But what could be the use cases for a robot like this? Its head is too low for
telepresence like Double Robotics. The arms-extension looks nice, but it can't
grasp anything with it because it seems to stiff, Lego-like hands. Plus the
hands can't reach up a table or kitchen to grab anything. Holding anything
with weight would also shift the center of gravity and mess with the
balancing.

On the other hand, mixing this robot with a thing that is useful otherwise can
get the technology out the door and get sales going to add functional arms
later on.

------
cpitman
Making robots with Segways was actually a thing at least around 2004-2006.
Robocup is a robotics soccer league with several divisions that each have a
different kind of challenge.

Briefly, there was a Segway league. Each team had a single robotic Segway and
a single human driven Segway which had to cooperate to score goals on the
other team. Here's the page of one of the teams with pictures and videos of
the Segway robots in action:
[http://www.nsi.edu/~nomad/segway/](http://www.nsi.edu/~nomad/segway/)

------
donkeyd
I had hoped that this would be a self-driving Segway, but it seems that when
you ride it, all the sensors are covered by your legs.
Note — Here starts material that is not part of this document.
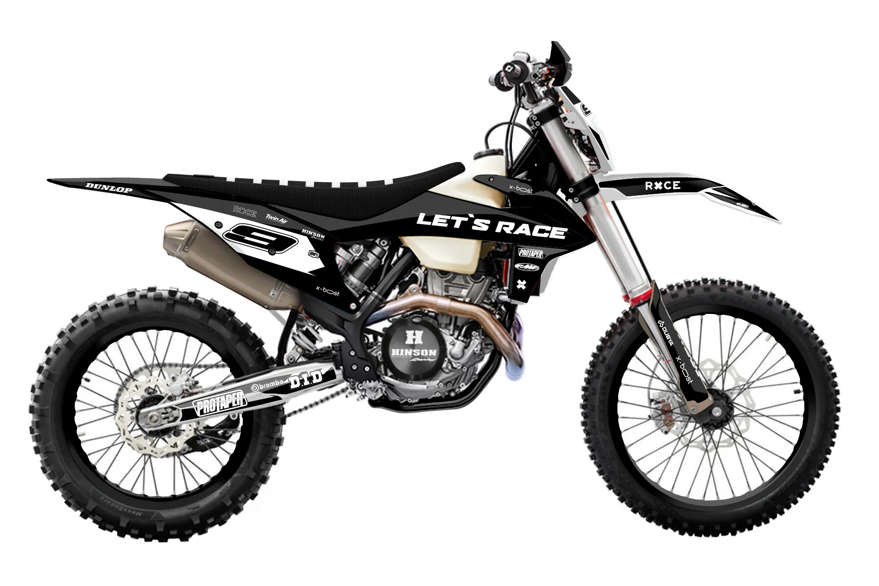 «DeCore» — готовый комплект графики серии Maverick для KTM Enduro Graphic Kit KTM EXC-F 350 2020. В комплекте: графика на бак и боковые облицовки, крылья (переднее и заднее), передний щиток, номерные таблички, защита вилки. Материал: ПВХ-винил 80 мкр с холодной ламинацией 300 мкр, общая толщина 380 мкр; покрытие глянцевое или матовое на выбор. Устойчив к UV-излучению, воде, бензину и мойке высокого давления. Клей акриловый на сольвентной основе — постоянный, для гибких пластиков. На простых поверхностях монтируется без нагрева; для сложных изгибов рекомендуем фен. Этот пресет можно заказать как есть или взять за основу в конструкторе: поменять цвета, добавить стартовый номер и свой бренд. Производство — 3–5 рабочих дней, доставка по России СДЭКом или Почтой, по СНГ — курьерскими службами.
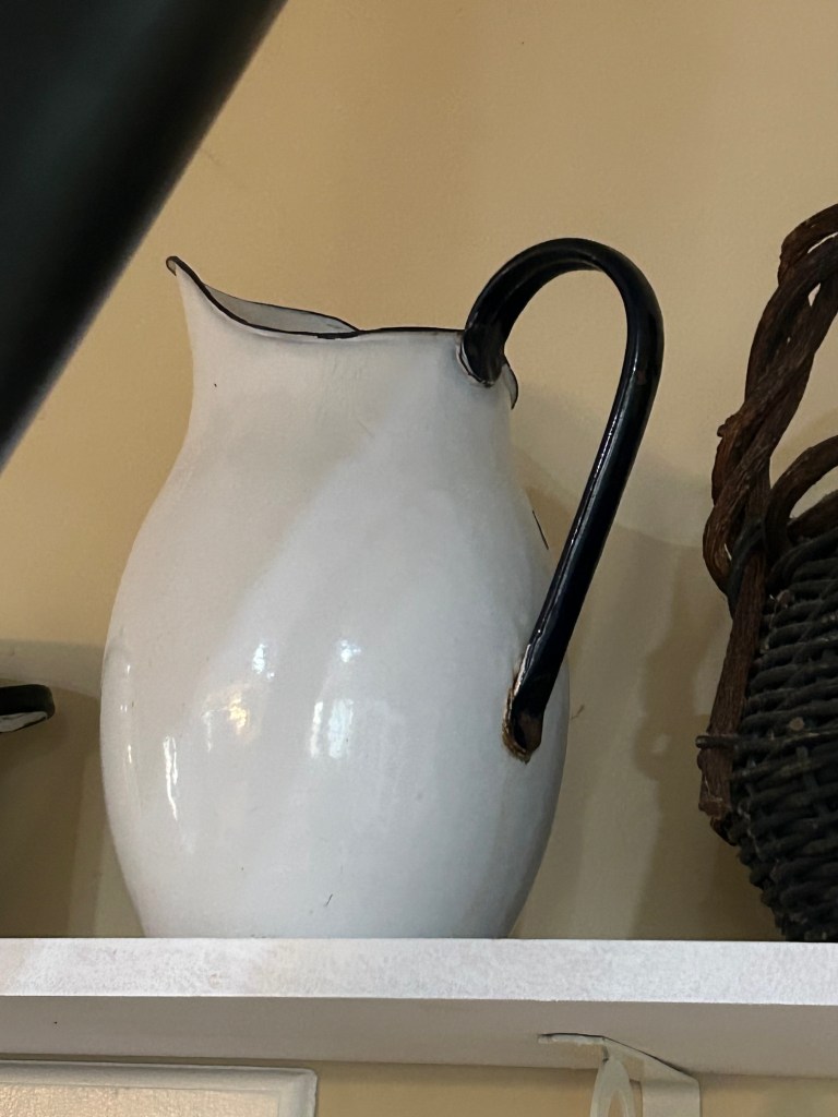 I will continue to collect enamel cookware and utensils. I especially want to find a white enamel dipper with a red rim. My old aunt kept one of these in a water bucket on the back porch. Everyone drank from the same dipper. When you finished drinking, you swirled the water around in the dipper and give it a sling into the yard.

This could be the first step to robots getting into the main stream though,
since it has some useful functionality next to being a robot.

------
chinathrow
This might actually work:

"AN EXTENDABLE ROBOT

FOR THERE ARE MANY POSSIBILITIES OUT THERE. WHAT WOULD YOU LIKE YOUR GEARS TO
BE?"

Let the public find the exact usage cases, provide the basic tooling such as
mobility, GPS, depth camera etc.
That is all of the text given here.